On Thursday, the 31st of January, the event calendar is not that rich in important data release, but the global investors should keep an eye on Unemployment Rate and Unemployment Change data from Germany, the GDP data from Eurozone, Gross Domestic Product and Raw Materials Price Index data form Canada and Unemployment Claims and Personal Spending data from the US. There is a speech from ECB's Yves Mersch scheduled at the late morning hours.

USD/CAD analysis for 31/01/2019:

The main event today is the Canadian GDP release at 13:30 pm GMT and the global investors expect a significant decline in the GDP from the level of 2.2% to 1.6% on the yearly basis. On the monthly basis expectations are low as well: a decrease from 0.3% to -0.1% is being expected.

A comprehensive measure of Canada's overall production and consumption of goods and services. GDP is a significant report in the forex market, serving as one of the primary indicators of a country's overall economic health. Robust GDP growth signals a heightened level of economic activity and often a higher demand for the domestic currency. At the same time, economic expansion raises concerns about inflationary pressures which may prompt monetary authorities to increase interest rates. Thus positive GDP readings are generally bullish for the Canadian Dollar, while negative readings are generally bearish.

Most production reports that lead to Canadian GDP are released before the official GDP number.
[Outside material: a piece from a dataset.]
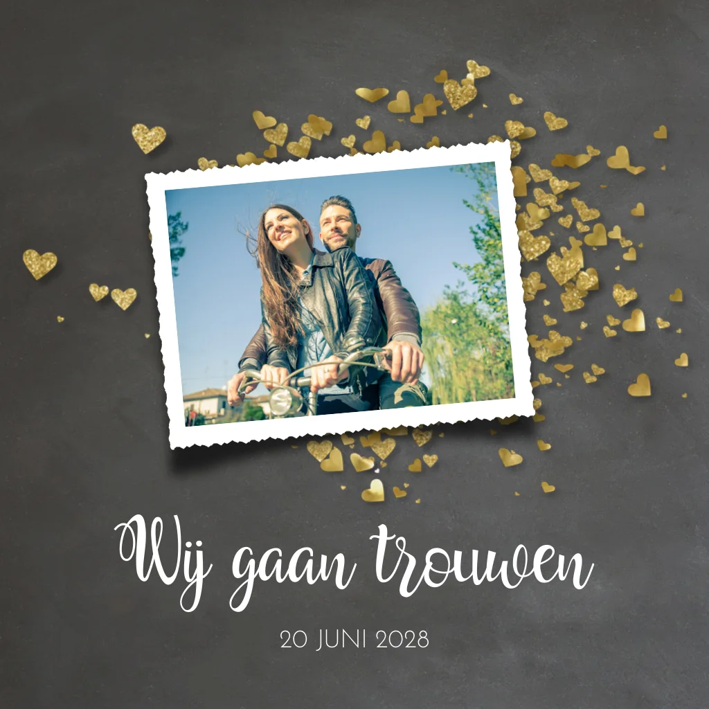 Trouwkaart met krijtbord en goudkleurige hartjes tekst 'wij gaan trouwen'

Therefore, actual GDP figures usually confirm expectations. However, an unexpected release can move markets due to the significance of the figure.

Let's now take a look at the USD/CAD technical picture at the H4 time frame. The Canadian Dollar deterioration continues. The pair just hit the 61% Fibonacci retracement level of the last big multi-week swing up and this is a very important support level. At the lower time frame, the pair made a 1:1 Fibonacci measured move to the level of 1.3117, just two pips below the 1.3119 where the Fibonacci level is. The trend is clearly down, both at the big and smaller time frames. There is a chance for a pull-back if the GDP data will surprise to the upside and the short-term target level for the bounce is seen at the level of 1.3158, 13178 and 1.3200.